++++ Dataset content

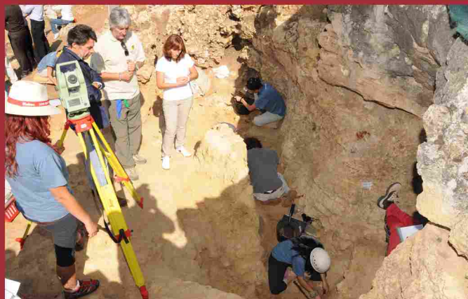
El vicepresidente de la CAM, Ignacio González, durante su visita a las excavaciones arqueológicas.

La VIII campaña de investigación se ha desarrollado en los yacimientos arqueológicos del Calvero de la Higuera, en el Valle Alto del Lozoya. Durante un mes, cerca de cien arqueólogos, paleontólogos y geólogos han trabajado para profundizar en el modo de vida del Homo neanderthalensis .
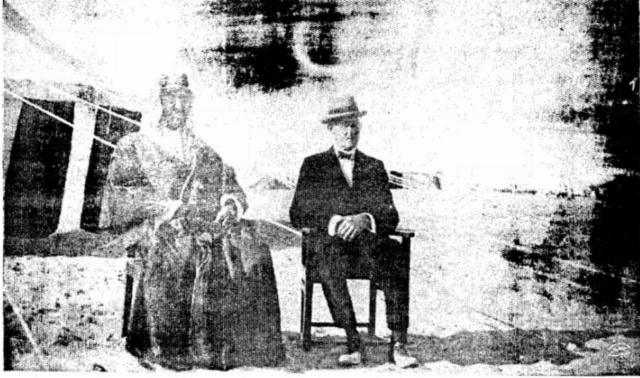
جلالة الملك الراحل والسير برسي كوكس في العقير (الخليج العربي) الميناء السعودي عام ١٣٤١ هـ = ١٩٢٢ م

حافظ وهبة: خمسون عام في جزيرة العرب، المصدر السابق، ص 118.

++++++++
++++ Dataset content

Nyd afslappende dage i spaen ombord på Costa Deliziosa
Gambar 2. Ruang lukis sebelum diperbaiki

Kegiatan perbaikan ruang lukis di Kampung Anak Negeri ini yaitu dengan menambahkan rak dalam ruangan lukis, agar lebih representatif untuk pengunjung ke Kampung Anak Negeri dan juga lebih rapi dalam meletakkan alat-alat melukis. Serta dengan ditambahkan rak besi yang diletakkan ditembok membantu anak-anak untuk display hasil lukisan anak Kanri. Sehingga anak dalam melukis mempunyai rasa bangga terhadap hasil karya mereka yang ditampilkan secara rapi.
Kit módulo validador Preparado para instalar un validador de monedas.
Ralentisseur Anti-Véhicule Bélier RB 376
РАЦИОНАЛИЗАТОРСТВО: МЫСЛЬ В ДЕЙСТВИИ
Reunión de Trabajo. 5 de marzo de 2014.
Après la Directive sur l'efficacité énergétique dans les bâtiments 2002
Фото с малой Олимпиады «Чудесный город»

++++++++

• What you have to do
Lines holding the word "lukis" are the answer; copy every one from the records above.

• Solution for this task
Gambar 2. Ruang lukis sebelum diperbaiki
Kegiatan perbaikan ruang lukis di Kampung Anak Negeri ini yaitu dengan menambahkan rak dalam ruangan lukis, agar lebih representatif untuk pengunjung ke Kampung Anak Negeri dan juga lebih rapi dalam meletakkan alat-alat melukis. Serta dengan ditambahkan rak besi yang diletakkan ditembok membantu anak-anak untuk display hasil lukisan anak Kanri. Sehingga anak dalam melukis mempunyai rasa bangga terhadap hasil karya mereka yang ditampilkan secara rapi.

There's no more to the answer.